*Data:*
☆ ☆ ☆ ☆

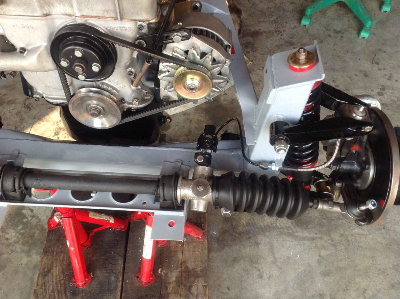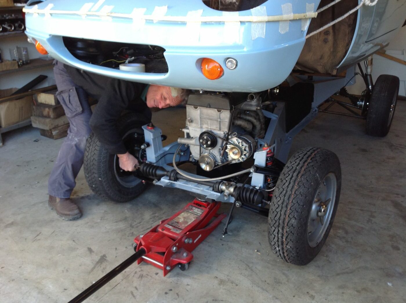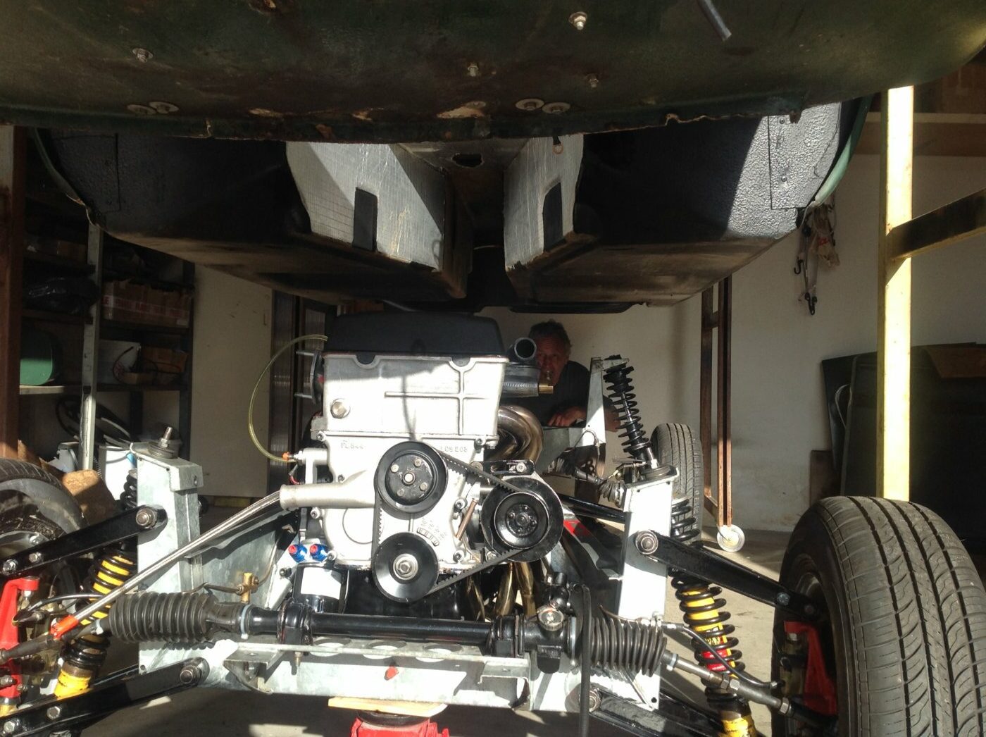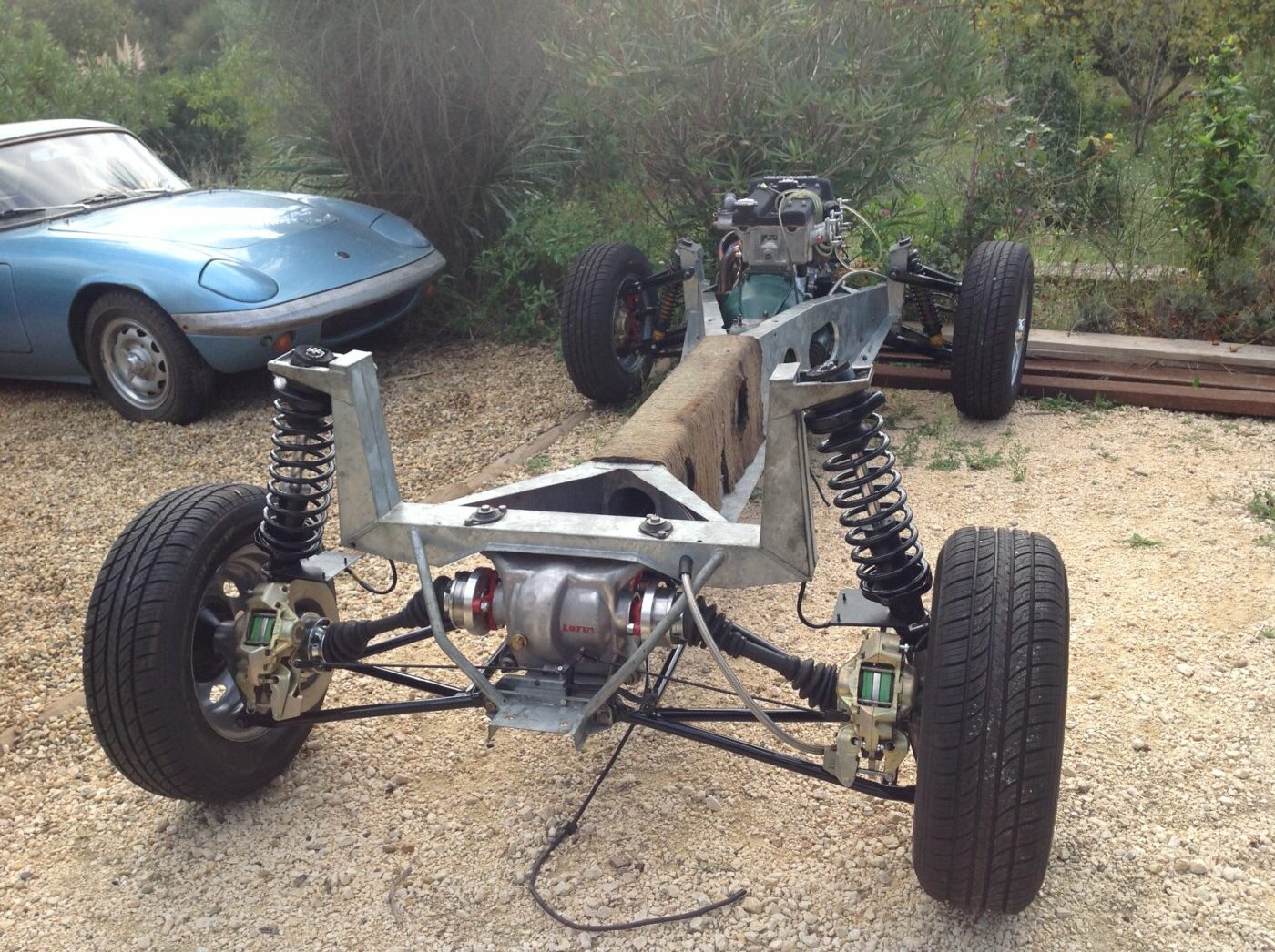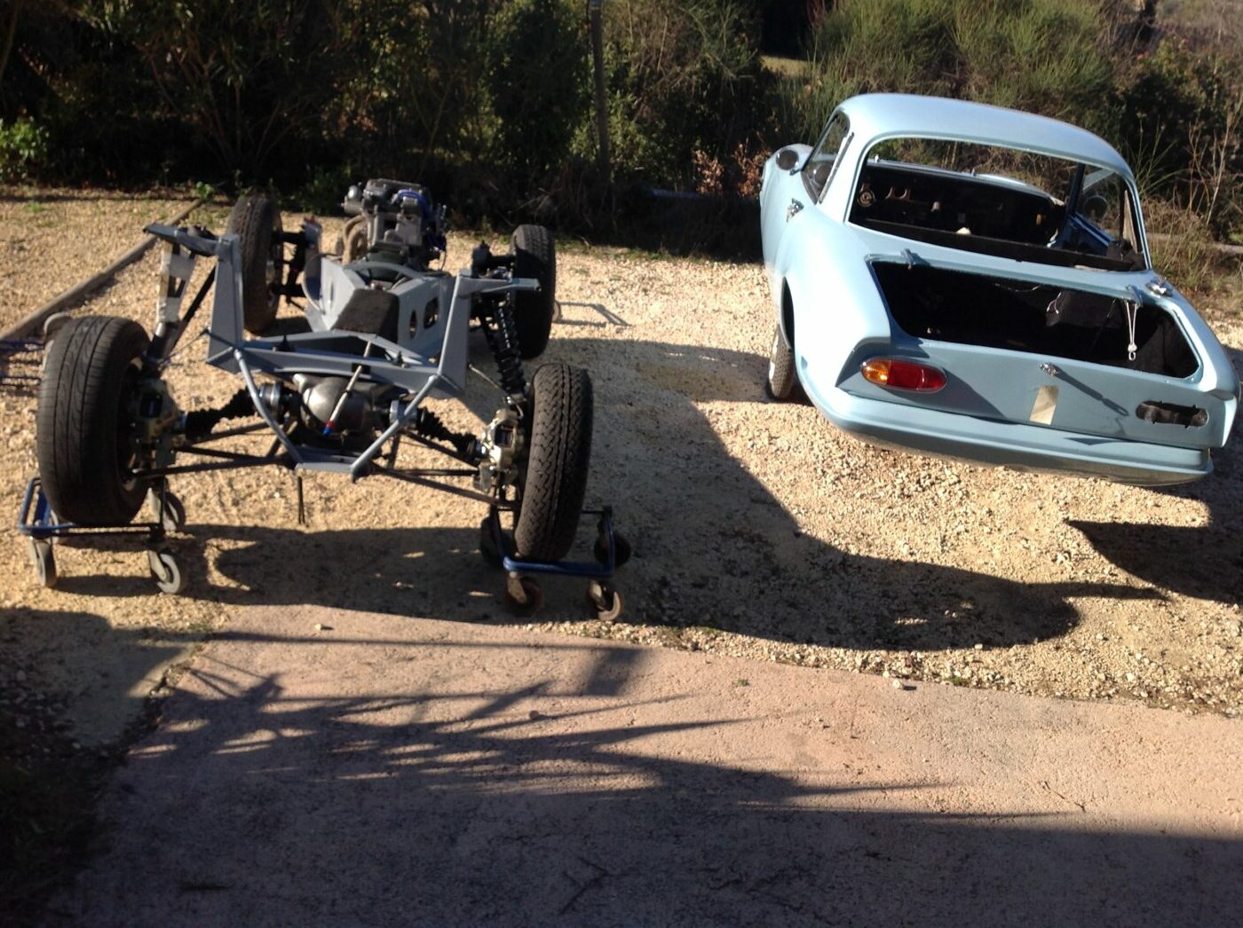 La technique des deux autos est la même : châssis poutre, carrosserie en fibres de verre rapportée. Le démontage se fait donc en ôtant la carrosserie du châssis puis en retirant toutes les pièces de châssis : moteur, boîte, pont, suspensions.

☆ ☆ ☆ ☆

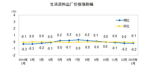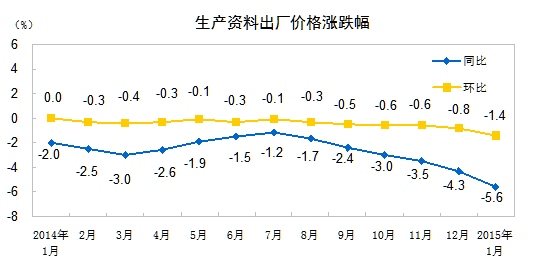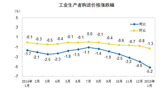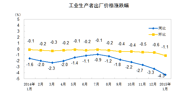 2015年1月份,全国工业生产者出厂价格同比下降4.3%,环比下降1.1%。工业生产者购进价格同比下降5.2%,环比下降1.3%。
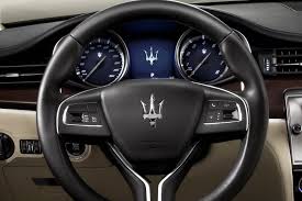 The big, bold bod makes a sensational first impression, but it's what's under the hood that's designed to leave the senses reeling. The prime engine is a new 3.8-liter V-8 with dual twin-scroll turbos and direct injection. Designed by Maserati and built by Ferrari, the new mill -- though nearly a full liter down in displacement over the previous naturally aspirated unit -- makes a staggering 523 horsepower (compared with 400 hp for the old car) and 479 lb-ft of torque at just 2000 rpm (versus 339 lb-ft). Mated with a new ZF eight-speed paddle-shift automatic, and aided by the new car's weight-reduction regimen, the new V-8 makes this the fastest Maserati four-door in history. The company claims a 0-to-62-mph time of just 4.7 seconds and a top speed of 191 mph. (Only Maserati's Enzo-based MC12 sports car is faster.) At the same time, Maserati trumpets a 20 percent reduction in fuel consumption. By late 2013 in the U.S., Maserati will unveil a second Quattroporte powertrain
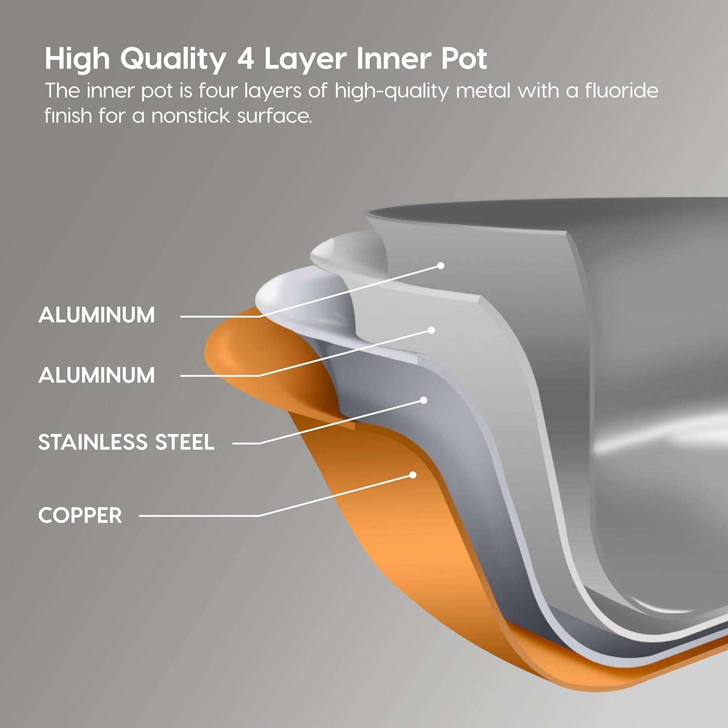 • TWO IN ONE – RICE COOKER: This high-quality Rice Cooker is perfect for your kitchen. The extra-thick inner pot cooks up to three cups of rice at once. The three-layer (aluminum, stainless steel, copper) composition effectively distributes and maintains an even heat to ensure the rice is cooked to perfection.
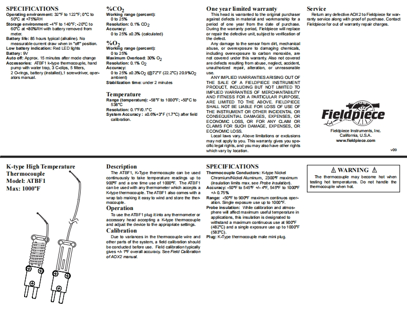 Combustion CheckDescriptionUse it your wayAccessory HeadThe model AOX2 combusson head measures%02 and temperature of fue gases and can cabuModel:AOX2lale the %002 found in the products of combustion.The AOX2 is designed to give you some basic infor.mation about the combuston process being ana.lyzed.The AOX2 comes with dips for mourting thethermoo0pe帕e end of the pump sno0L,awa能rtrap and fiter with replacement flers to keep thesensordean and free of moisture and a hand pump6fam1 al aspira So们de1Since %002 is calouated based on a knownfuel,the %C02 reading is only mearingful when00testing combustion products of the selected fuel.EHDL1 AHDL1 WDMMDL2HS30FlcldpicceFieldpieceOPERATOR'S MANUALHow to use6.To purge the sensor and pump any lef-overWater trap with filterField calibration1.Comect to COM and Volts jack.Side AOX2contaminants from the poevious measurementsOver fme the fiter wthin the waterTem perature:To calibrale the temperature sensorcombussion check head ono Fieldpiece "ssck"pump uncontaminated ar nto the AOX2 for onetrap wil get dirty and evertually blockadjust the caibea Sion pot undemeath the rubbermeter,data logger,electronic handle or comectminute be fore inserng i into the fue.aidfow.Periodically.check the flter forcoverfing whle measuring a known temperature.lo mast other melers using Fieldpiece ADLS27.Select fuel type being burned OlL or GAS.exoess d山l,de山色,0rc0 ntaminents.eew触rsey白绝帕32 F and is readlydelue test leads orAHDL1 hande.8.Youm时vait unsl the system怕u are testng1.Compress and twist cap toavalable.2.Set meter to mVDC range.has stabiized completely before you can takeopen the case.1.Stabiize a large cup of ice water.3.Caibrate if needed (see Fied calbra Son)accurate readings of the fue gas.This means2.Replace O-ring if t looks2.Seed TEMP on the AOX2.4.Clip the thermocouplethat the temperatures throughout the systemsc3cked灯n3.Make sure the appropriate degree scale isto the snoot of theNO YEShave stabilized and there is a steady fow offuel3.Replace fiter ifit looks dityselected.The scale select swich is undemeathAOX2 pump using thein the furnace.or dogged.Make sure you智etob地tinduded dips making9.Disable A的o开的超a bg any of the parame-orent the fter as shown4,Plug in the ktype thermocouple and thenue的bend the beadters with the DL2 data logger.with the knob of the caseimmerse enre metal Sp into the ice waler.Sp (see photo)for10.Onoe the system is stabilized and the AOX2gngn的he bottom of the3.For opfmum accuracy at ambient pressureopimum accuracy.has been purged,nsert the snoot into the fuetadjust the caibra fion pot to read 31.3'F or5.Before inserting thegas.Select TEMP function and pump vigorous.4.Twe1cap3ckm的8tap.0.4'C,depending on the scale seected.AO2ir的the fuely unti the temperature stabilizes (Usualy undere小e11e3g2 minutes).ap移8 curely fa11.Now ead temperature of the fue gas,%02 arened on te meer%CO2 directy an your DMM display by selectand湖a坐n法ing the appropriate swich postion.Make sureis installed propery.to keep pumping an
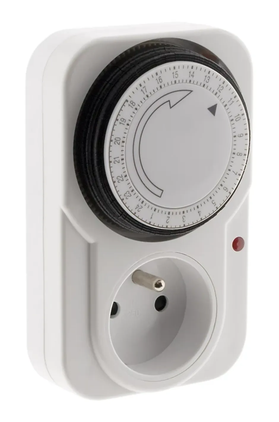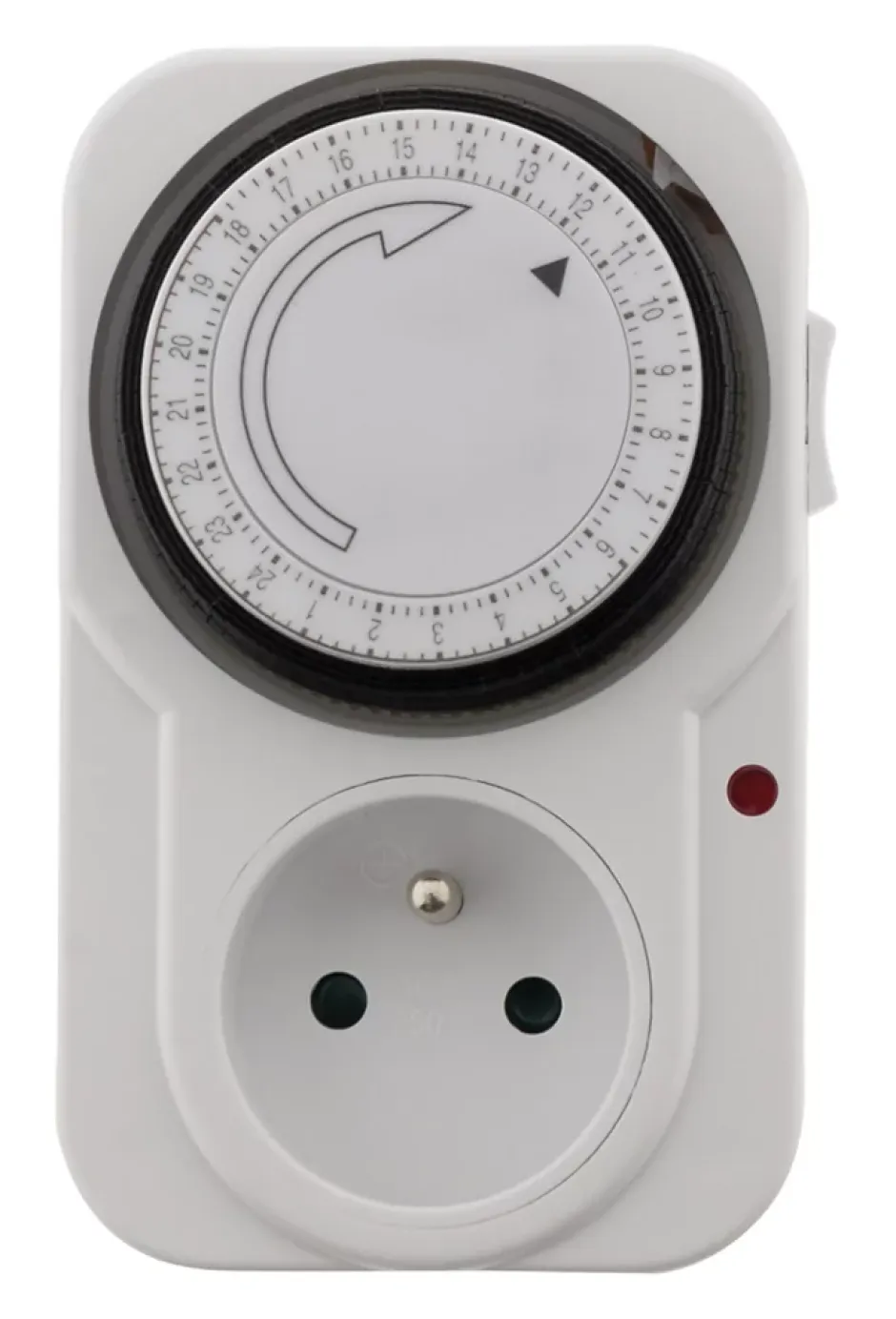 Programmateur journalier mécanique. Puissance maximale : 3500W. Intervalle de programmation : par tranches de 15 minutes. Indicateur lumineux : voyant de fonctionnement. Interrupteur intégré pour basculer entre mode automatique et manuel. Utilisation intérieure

☆ ☆ ☆ ☆

*Work to be completed:* Word for word, write out the lines above running from the one with "2015年1月份,全国工业生" up to and including the one with "cooked to perfection.". Drop any picture.

*Solved problem:*
 2015年1月份,全国工业生产者出厂价格同比下降4.3%,环比下降1.1%。工业生产者购进价格同比下降5.2%,环比下降1.3%。
 The big, bold bod makes a sensational first impression, but it's what's under the hood that's designed to leave the senses reeling. The prime engine is a new 3.8-liter V-8 with dual twin-scroll turbos and direct injection. Designed by Maserati and built by Ferrari, the new mill -- though nearly a full liter down in displacement over the previous naturally aspirated unit -- makes a staggering 523 horsepower (compared with 400 hp for the old car) and 479 lb-ft of torque at just 2000 rpm (versus 339 lb-ft). Mated with a new ZF eight-speed paddle-shift automatic, and aided by the new car's weight-reduction regimen, the new V-8 makes this the fastest Maserati four-door in history. The company claims a 0-to-62-mph time of just 4.7 seconds and a top speed of 191 mph. (Only Maserati's Enzo-based MC12 sports car is faster.) At the same time, Maserati trumpets a 20 percent reduction in fuel consumption. By late 2013 in the U.S., Maserati will unveil a second Quattroporte powertrain
 • TWO IN ONE – RICE COOKER: This high-quality Rice Cooker is perfect for your kitchen. The extra-thick inner pot cooks up to three cups of rice at once. The three-layer (aluminum, stainless steel, copper) composition effectively distributes and maintains an even heat to ensure the rice is cooked to perfection.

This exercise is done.